In part one of this two-part series, I explained that the consequences of this pandemic for school funding will be severe. But for teachers, that’s only one of several problems, as I explain below. If you haven’t read the first article, here’s the link.
How Many U.S. Public School Teachers Will Lose Their Jobs?
We don’t know yet, of course, but during the Great Recession of 2008 nearly 300,000 teachers (and support personnel) lost their jobs. Job losses in the coming pandemic-related recession will likely be at least this bad.
For reasons I gave in the previous article, it’s almost inevitable that the coming recession will shrink funding from both property taxes and state government to a considerably greater degree even than the funding cutbacks in the Great Recession. Teachers in less-affluent districts will be hit the worst. The inequality in education funding that existed before increased greatly during the Great Recession. Nothing has changed in the 10 years following that recovery that would make this increase in inequality any different in the coming recession.
One thing that helped a great deal in the previous recession was the creation of the State Fiscal Stabilization Fund (SFSF). Under the authority of American Recovery and Reinvestment Act of 2009, $53.6 billion was contributed to public schools; without that, job losses would have been considerably worse. Will Congress pass a similar act in this recession? We shall see.
How Will School Support Systems Change?
As most teachers will tell you, during the last recession, the systems supporting teachers —ranging from librarians and maintenance personnel to in-service training programs — all suffered major cutbacks. This may or may not be true this time.
If not, it’s only because the support systems in place for public schools and school teachers never fully recovered from the last recession. For many school systems, the support cutbacks that begin in the recession continued well into the following recovery — five years after the nominal end of the recession, support cutbacks were still going on!
How Will Teachers Respond?
According to a study conducted by the National Center for Education Statistics, in the last recession 17% of public school teachers who were at the beginning of their careers left the profession entirely. The “leaver” rate was somewhat higher for teachers in private schools.
This isn’t good for schools and, of course, not good for those young people who left careers they’d spent years preparing for, but it’s actually less bad than some sources have earlier claimed — like everything else in this country, it seems, teacher employment outcomes have become politicized.
One reason that fewer teachers left the profession than some have stated is that leaving your job at the beginning of a recession is risky unless you already have a job lined up. A related statistic supports this: a National Bureau of Economic Research report shows that the quality of teacher hires measurably increased during the last recession. To look at this from a slightly different perspective, in a recession jobs are scarce, so qualified individuals that might not have gone into teaching in normal times entered the profession when other job opportunities declined.
Teacher Churn
In the last recession, as teacher layoffs began, many teachers who remained nevertheless left for other school districts. An American Education Research Association paper notes that studies support the view that many of these who switched jobs left poorer school districts for ones that were better funded — a rational move from an individual perspective that, unfortunately, has further increased the inequality of U.S. public school educations. There is no reason to think this same trend will not extend into the coming recession.

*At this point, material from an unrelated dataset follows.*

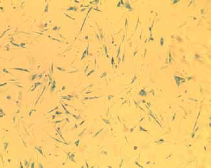 Мезенхимные стромальные клетки (МСК) представляют собой высокопролиферативные мультипотентные клетки. В соответствии с минимальными критериями Международного общества клеточной терапии МСК человека — это клетки с фибробластоподобной морфологией, обладающие способностью к адгезии к культуральному пластику, дифференцировочным потенциалом и следующим иммунофенотипом: CD105+, CD73+ и CD90+, CD45–, CD34–, CD14–, CD11b–, CD79–, CD19- и HLA-DR [1]. В настоящее время МСК считаются одним из наиболее перспективных ресурсов для регенеративной терапии из-за простоты выделения, высокой пролиферативной активности и широкого спектра продуцируемых ими биологически активных веществ (цитокины, факторы роста и др.).

The Consequences for Students
Several studies, the Learning Policy Institute’s among them, confirm that teacher churn, while not good for students generally, is particularly bad for disadvantaged students. For one thing, a teacher who leaves a disadvantaged school district in a recession in order to take another job in a comparatively affluent school district is likely going to be one of the first school district’s better teachers — that’s why, even in the middle of a recession, they can make that switch.

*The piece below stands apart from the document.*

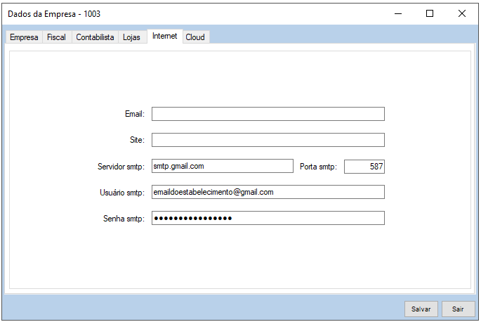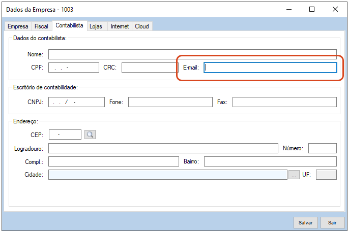 - Preencha o campo E-mail com o endereço de e-mail da Contabilidade.

The teacher who replaces the one who left is likely going to be less experienced and less qualified. Data from the Office for Civil Rights shows that school districts “serving children of color are about four times more likely to be assigned uncertified teachers.”
What Can Be Done?
As I admitted in the opening of the first of these two articles, I don’t have solutions to offer. At this point, it’s not evident that any exist. Probably the one thing that can lessen the negative impact of the coronavirus pandemic on our public school education system is the provision of emergency federal funding to make up the gap as state and municipal funding dries up.

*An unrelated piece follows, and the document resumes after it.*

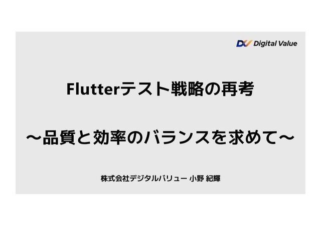 Flutterテスト戦略の再考 お 〜品質と効率のバランスを求めて〜 株式会社デジタルバリュー 小野 紀輝

During the last recession, the federal bailout for school funding was opposed by every Republican in the House. Since Democrats were then in the majority, the bill passed anyway and was signed by President Obama, a process explored in some detail in “Coping with Crisis: Government Reactions to the Great Recession,” available on Amazon.
Now that Republicans control both the Senate and the Presidency, will there still be a bailout for schools in the coming recession? It’s possible.
When Democrats controlled government, especially during the first Obama term, Republicans opposed other recession-related federal spending initiatives, ostensibly because the federal deficit needed to be reduced. Once Republicans assumed power in 2012, however, they passed bills that substantially reduced income tax rates and, consequently, increased the federal deficit to an all-time high.
It seems in retrospect that a lot of what at one time were political disagreements based on genuine philosophical differences have become disagreements based on partisan opposition. If that holds true in the current crisis, perhaps it will be Republicans who will bail out the schools. In the absence of substantial, strategic federal planning and funding, the plight of teachers, already generally demoralized by low wages, crowded classrooms and seemingly arbitrary political interference, will soon get a lot worse.